Aim of the task:
Which lines come from the start of the listing through the line holding "本導入により、MIZUJIN WEBSHOP、Eddie Bauer、FIRST"? Restate exactly those, both included, minus the pictures.

<<<<

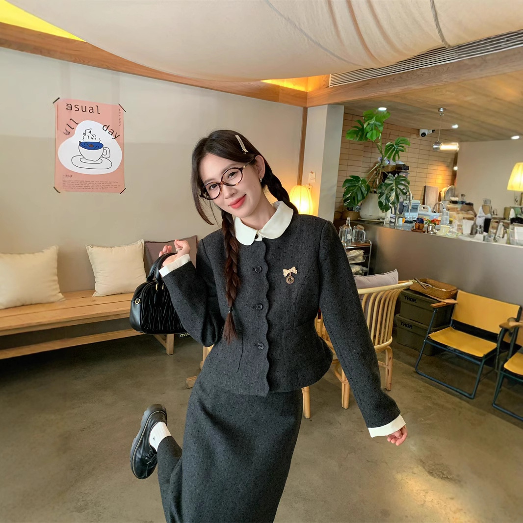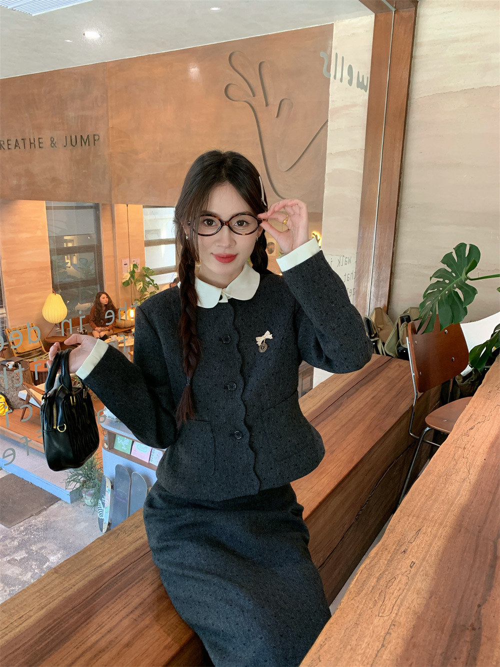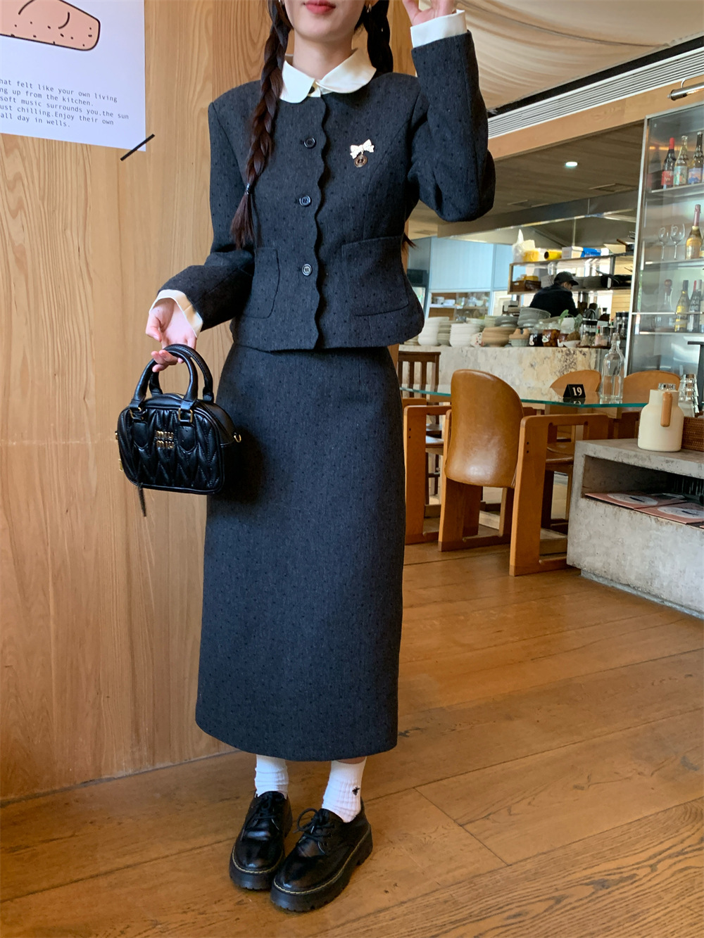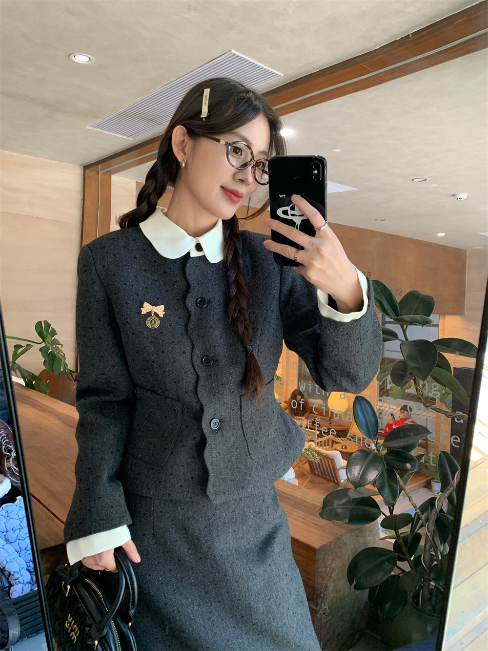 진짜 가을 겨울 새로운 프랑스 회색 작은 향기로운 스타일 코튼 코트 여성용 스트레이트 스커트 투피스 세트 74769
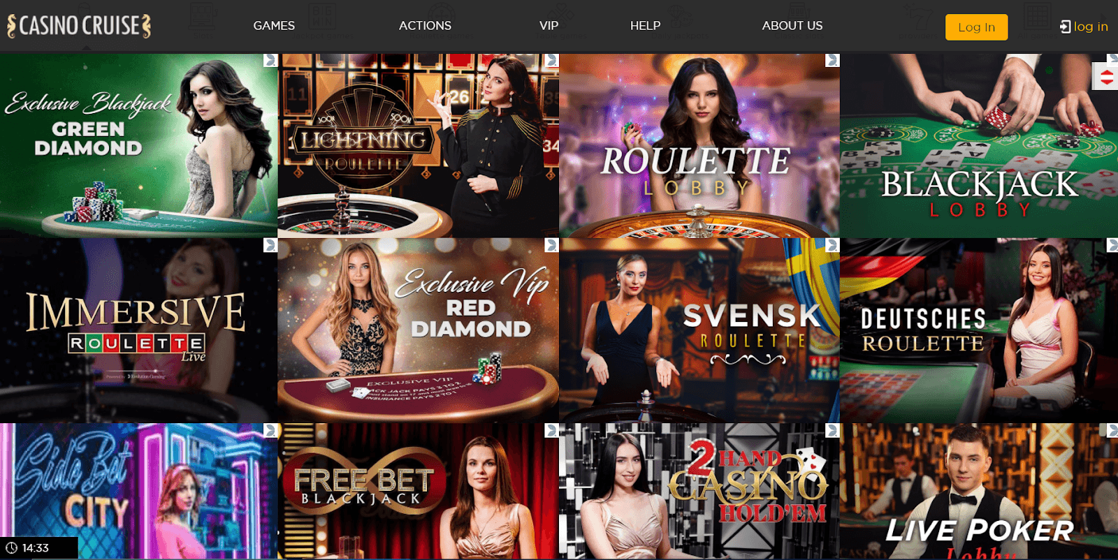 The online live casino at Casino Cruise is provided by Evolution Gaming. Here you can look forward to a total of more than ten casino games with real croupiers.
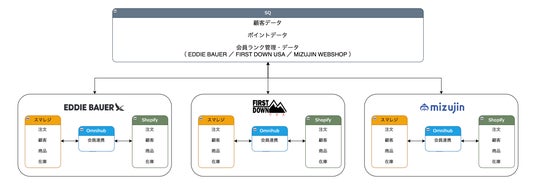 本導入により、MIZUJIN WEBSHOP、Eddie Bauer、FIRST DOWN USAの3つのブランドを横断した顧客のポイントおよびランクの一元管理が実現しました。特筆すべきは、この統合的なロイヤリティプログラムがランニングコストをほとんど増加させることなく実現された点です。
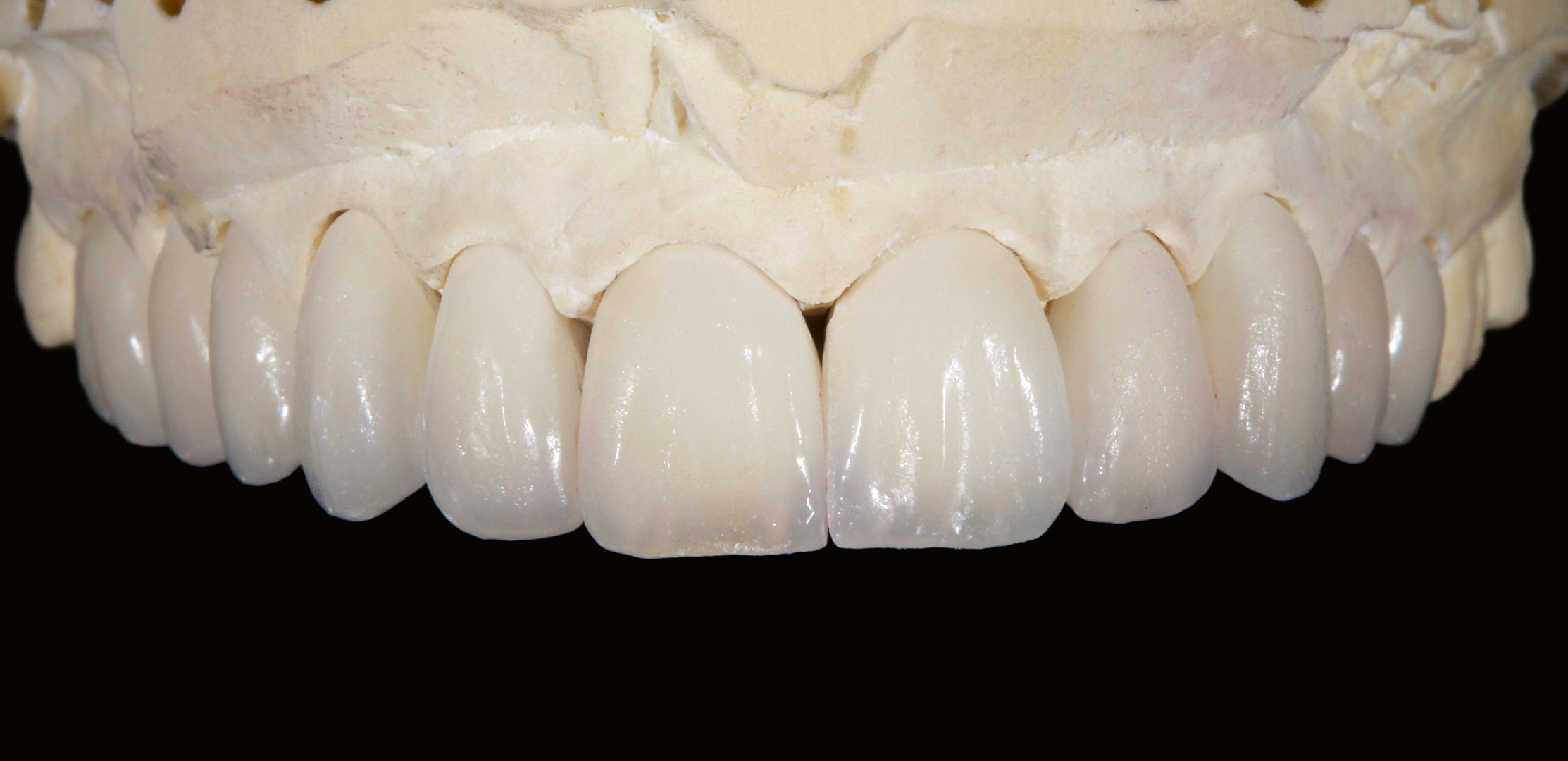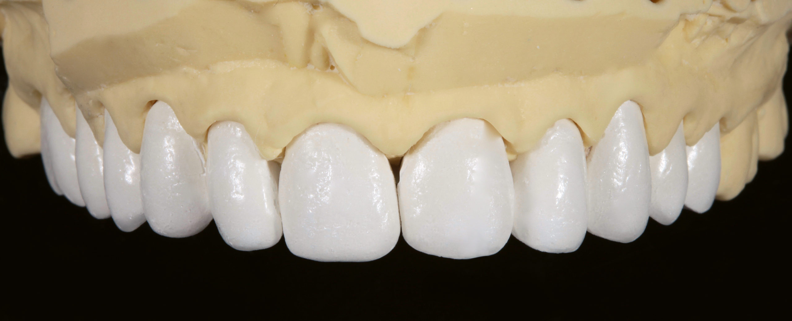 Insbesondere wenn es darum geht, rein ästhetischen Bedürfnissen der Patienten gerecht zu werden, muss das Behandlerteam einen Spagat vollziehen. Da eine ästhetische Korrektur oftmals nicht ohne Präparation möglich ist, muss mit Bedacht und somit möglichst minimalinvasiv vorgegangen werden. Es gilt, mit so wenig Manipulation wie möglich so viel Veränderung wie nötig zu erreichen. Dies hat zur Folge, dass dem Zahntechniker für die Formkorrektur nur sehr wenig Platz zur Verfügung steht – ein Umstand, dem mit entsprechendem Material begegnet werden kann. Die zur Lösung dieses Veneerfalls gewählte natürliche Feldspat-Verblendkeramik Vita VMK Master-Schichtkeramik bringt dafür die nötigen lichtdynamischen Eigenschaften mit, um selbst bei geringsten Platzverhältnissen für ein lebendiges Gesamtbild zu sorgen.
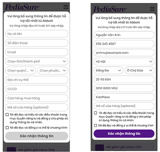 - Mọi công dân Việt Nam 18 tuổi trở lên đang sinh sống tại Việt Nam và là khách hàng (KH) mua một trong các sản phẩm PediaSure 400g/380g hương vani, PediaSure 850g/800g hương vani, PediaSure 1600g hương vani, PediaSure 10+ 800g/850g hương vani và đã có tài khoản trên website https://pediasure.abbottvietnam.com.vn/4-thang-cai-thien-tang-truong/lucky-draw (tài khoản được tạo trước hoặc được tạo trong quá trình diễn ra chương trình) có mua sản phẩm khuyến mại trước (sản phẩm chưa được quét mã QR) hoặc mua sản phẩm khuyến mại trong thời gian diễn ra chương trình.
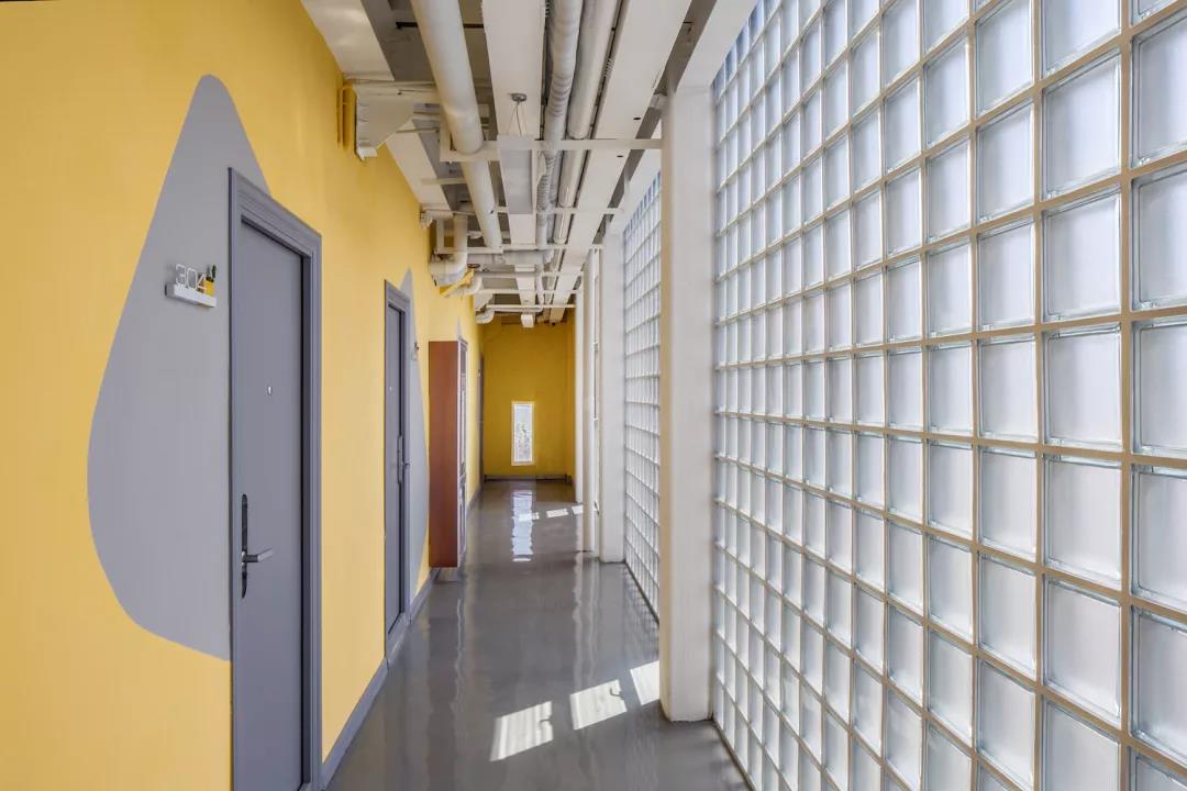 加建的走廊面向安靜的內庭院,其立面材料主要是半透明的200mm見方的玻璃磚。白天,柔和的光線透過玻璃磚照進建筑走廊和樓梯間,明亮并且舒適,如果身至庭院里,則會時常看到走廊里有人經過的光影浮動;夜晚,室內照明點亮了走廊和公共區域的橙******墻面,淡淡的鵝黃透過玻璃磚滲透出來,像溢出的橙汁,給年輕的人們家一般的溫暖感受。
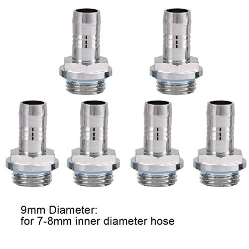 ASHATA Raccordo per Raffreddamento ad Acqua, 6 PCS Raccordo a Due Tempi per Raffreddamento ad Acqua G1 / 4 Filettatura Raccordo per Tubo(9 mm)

>>>>

Solution for this task:
 진짜 가을 겨울 새로운 프랑스 회색 작은 향기로운 스타일 코튼 코트 여성용 스트레이트 스커트 투피스 세트 74769
 The online live casino at Casino Cruise is provided by Evolution Gaming. Here you can look forward to a total of more than ten casino games with real croupiers.
 本導入により、MIZUJIN WEBSHOP、Eddie Bauer、FIRST DOWN USAの3つのブランドを横断した顧客のポイントおよびランクの一元管理が実現しました。特筆すべきは、この統合的なロイヤリティプログラムがランニングコストをほとんど増加させることなく実現された点です。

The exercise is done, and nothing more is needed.